The new GeForce GT 640M in the Acer laptop can pack quite a punch, but its 384 cores, 625MHz reference clockspeed, and 64GB / sec of memory bandwidth actually only constitute the second rung up the Kepler ladder. The GeForce GT 650M bumps the speed up to 850MHz, and the GeForce GTX 660M adds up to 2GB of faster GDDR5 memory (itself clocked at up to 2GHz) to deliver an additional tier of mid-range performance. How well the Kepler chips perform depends on the actual thermal constraints of your laptop, too, as these chips can dynamically clock themselves depending on the amount of heat the rest of the machine puts out. The very same GT 640M chip can run even faster if it's got better cooling, or if your CPU isn't being simultaneously taxed, but if you stick it in a tiny compressed computer with a red-hot processor it won't do quite as well.
There's also another part you might want to be aware of, the GeForce GT 640M LE, because it's 1.) not as powerful as a regular GT 640M, and also 2.) comes in two different variations. One is a 28nm Kepler part, the other a 40nm Fermi, and there's no good way to distinguish between.
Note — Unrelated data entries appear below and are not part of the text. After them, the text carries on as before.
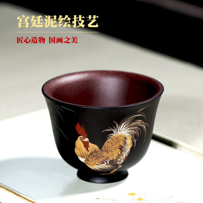 Famous Liansheng mud drawing Yixing purple sand cup cup small single cup chicken powder pure hand-made tea cup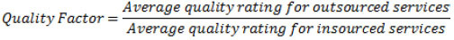 Using an approach adopted by Cali, J et al [15], the financial costs of outsourcing were multiplied by the quality factor to produce quality-adjusted costs of in-sourcing using the formula below: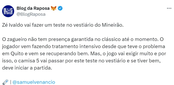 Porém, ao mesmo tempo, o comandante tem um problema. Zé Ivaldo pode ser desfalque após sentir dores na coxa esquerda durante a estreia da Raposa na Copa Sul-Americana.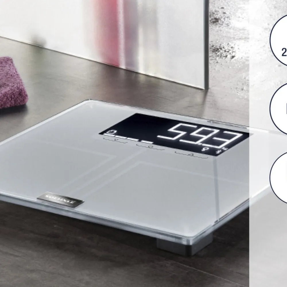 Vægten vejer op til 200 kg med 100 grams intervaller og genkender op til 8 personer.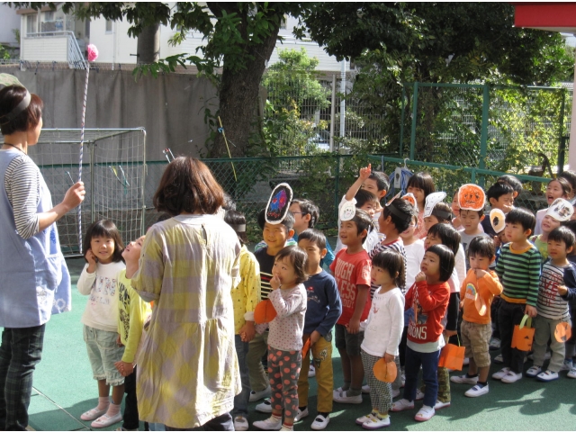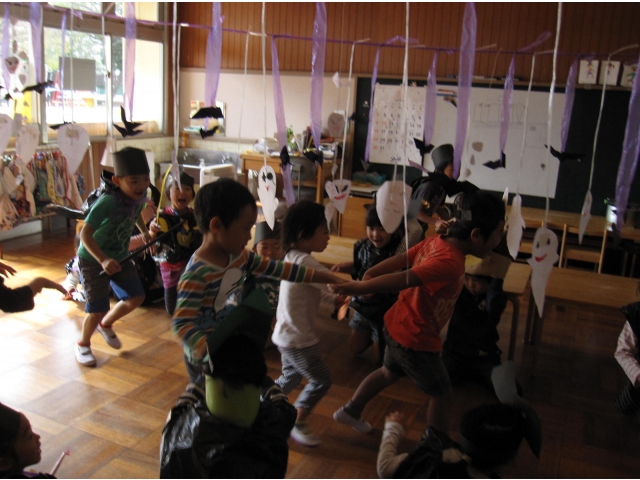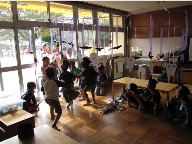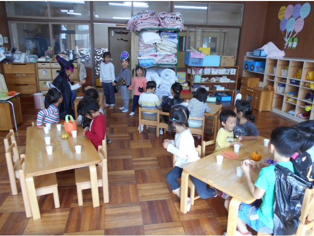 変装したぞう組さんが、ぞう組の部屋でみんなを驚かせます。

It's worth noting that today isn't all about the new GK107 Kepler architecture, though: the company's also built a brand-new set of 28nm GF117 Fermi chips to round out the low end of the marketplace with the GeForce GT 630M and 620M. Nvidia claims that with a quad-core Intel Core i7 processor, even the new 620M can manage a stable 30FPS framerate in DirectX 11 games like Crysis 2 and Battlefield 3, just so long as they're played at 1366 x 768 resolution and at lowest settings.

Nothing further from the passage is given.